I think the auto antenna is shot on our 1994 Altima. It will not raise or lower itself....it needs a little manual help. We've tried to clean it, but it just doesn't want to get going. Is it going to be difficult to replace? and where can I get a replacement part? The stereo and antenna are the 1994 stock components.....(i.e. FM / AM radio w/ cassette deck). Also, any idea where to get some cheapy but nice hubcaps.....ours got stolen???

thanx in advance.


----------



## KA24Tech (Feb 2, 2004)

You can get a replacement mast from your local Nissan dealer and they are rather inexpensive and easy to install.

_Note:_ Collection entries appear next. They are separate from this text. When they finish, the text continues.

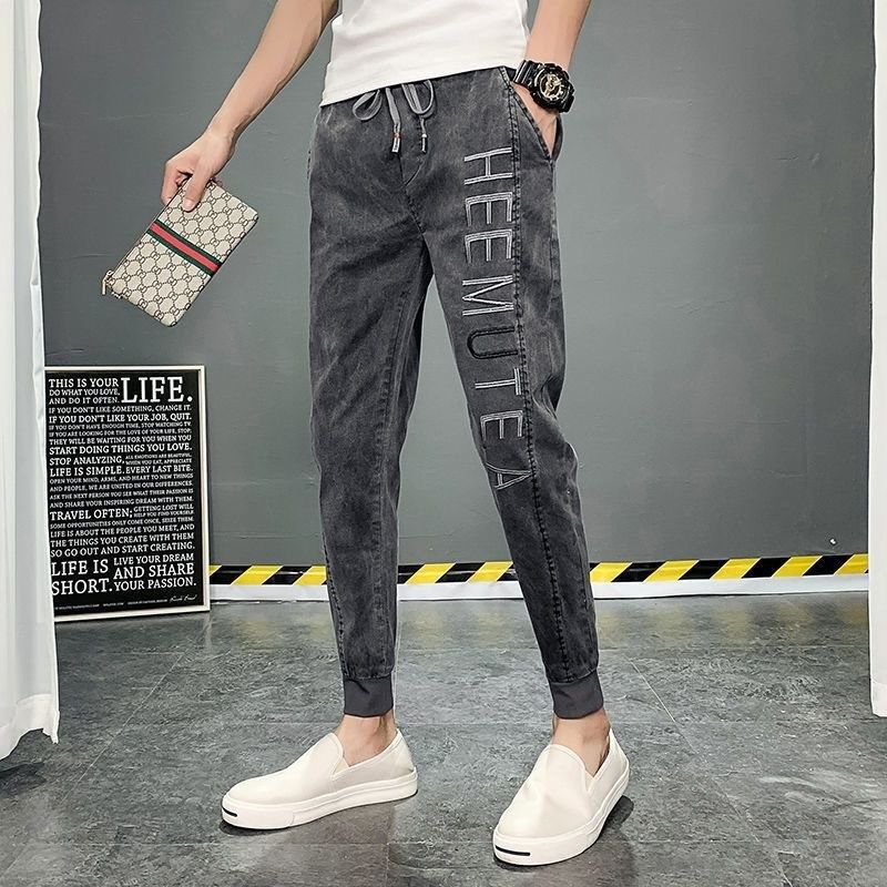 精神小伙裤子男松紧腰小脚休闲牛仔裤弹力束脚裤男九分裤潮流男裤
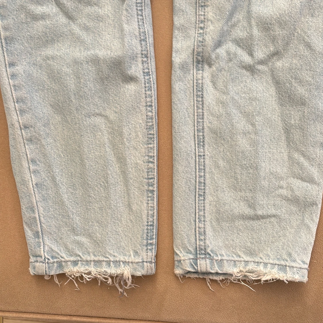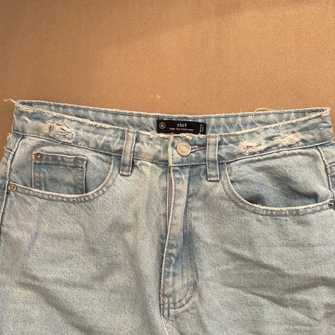 Snygga ljusblå högmidjade jeans från Riot, köpta på Nelly. De har en avslappnad passform och slitna detaljer vid fållen.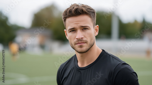A focused male soccer player preparing on a field with intensity, soccer training, athletic focus, sports dedication, soccer field, young athlete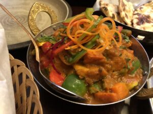 We split the Mangalorean Chicken Sukka (super-tender chicken in an flavor-popping onion and coconut curry) and the Kadai Vegetables (a variety of veggies with crushed tomatoes, onions and green peppers). We are still thinking about this meal!

The hub caps are a matter of personal preference and you might try any auto parts store, retail chain or even a salvage yard.

Troy


----------



## Asleep (Jan 19, 2003)

you could even get some of those uber cool spinner hubcaps.  the antenna is super easy, about a 5 minute job.


----------



## 1994 (Jul 4, 2004)

*thanx*

thanx for the help. i'm glad to hear it isn't going to cost an arm and a leg or a huge amount of time to replace the antenna.....i'll get hold of my local dealer and check it out. thanx again


----------